10.22.2006

Lunchbox: Larb

countdown to psych GREs, 13 days; countdown until first due dates for applications, 62 days.

Sara chastised me last week for admitting that I was taking cold cuts for lunch. Granted, it was Healthy Choice, and I brought along carrot and celery sticks and a small peach and plum, but still, it's cold cuts, and that's pretty much unacceptable from where she stands. I do my best, but some weeks making an awesome lunch just doesn't happen. Once you start blogging, there's a lot of pressure to produce.
Sara keeps me in line.
So this week I pulled my act together and am getting back to making it from scratch. I've been somewhat enamored of Thai food as of late, having made a bastardized version of Thai barbecue turkey tenderloin (and I can't wait to try it with chicken thighs), complete with Thai cucumber salad, and a sort-of Thai coconut chicken soup all last weekend. In the midst, I've done a lot of browsing through the Thai cookbook and so this week I went with one of the dog-eared pages for something quick, easy, and remotely healthful.

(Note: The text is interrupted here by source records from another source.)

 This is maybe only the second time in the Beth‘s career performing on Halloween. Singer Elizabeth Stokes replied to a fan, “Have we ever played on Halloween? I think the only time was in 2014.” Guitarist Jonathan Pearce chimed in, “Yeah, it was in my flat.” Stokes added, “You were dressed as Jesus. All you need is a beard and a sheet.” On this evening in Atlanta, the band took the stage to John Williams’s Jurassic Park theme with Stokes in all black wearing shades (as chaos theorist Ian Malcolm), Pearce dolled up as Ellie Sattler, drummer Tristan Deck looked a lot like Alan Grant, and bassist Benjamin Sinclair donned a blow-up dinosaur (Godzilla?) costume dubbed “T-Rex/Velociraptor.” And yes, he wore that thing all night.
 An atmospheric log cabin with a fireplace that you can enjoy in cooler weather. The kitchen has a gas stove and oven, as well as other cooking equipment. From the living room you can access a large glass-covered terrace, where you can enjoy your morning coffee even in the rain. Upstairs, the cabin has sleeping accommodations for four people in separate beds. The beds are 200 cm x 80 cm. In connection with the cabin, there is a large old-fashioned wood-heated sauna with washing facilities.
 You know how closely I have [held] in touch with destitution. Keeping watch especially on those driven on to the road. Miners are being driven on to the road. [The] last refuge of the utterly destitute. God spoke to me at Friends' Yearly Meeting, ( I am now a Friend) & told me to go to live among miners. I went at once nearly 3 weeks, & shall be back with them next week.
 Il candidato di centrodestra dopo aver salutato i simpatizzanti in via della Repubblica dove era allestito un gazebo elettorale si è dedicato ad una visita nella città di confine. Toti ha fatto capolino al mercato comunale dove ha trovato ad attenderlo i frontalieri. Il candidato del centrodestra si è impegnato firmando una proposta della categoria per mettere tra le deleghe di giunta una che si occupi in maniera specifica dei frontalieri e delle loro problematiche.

I've never had larb before per se, although Pod does this absolutely amazing beef and chicken lettuce wraps with peanut sauce, which was why larb sounded good and sort of familiar. More interesting than your basic tortilla-based wrap or a sandwich, and bonus creativity points for sneaking in lettuce outside of a salad. The galangal may be a bit strong on first impact, but it's growing on me - I'd start with a bit less if you're not a big sour/ginger fan, as it does have a lingering piquancy. The bamboo shoots and water chestnuts were meant to be stretching vegetables - I was really looking for fresh bean sprouts, and on reflection julienned carrots I think would be super in here, but the veggies are an optional add-on anyhow so suit yourself.

LARB
adapted from Thai and from this egullet recipe

6 Tbsp low-fat/reduced sodium chicken broth
1 lb lean ground chicken
1 small onion, finely diced
1 8-oz can sliced water chestnuts
1 8-oz can sliced bamboo shoots
1/4 tsp or so white pepper
1/4 tsp or so garlic powder
1/4 tsp or so salt
3 kaffir lime leaves, very finely slivered
zest of 1 lemon (standing in for lemongrass)
4 scallions, finely sliced
1 tsp powdered galangal
1 Tbsp roasted rice powder
4 Tbsp fresh lemon juice
2 Tbsp lime juice
3 Tbsp fish sauce
about 15 Thai basil leaves, torn
butter/Boston lettuce

Heat the chicken broth in a large skillet over medium-low heat. Add the ground chicken and stir to moisten, breaking up with a spoon, and cook about 5 minutes. Add the onion and stir to combine; cook an additional 2 minutes. Add the water chestnuts and bamboo shoots, stir to combine, and cook for 1 minute.
Sprinkle over the white pepper, garlic powder, salt, kaffir lime leaves, lemon zest, and scallions. Toss gently to combine. Sprinkle over the galangal and rice powder and stir to combine well, dissolving any powder. Raise the heat to medium-high and add the lemon and lime juices and fish sauce. Stir well and cook, stirring, until sauce thickens and coats the chicken mixture. Add the torn basil leaves and stir to wilt.
Remove whole lettuce leaves and gently wash and dry (a salad spinner will work well for this). Pack whole leaves flat between paper towels in a container. Take the chicken mixture separately. Eat room temperature or warmed chicken mixture in the lettuce leaves.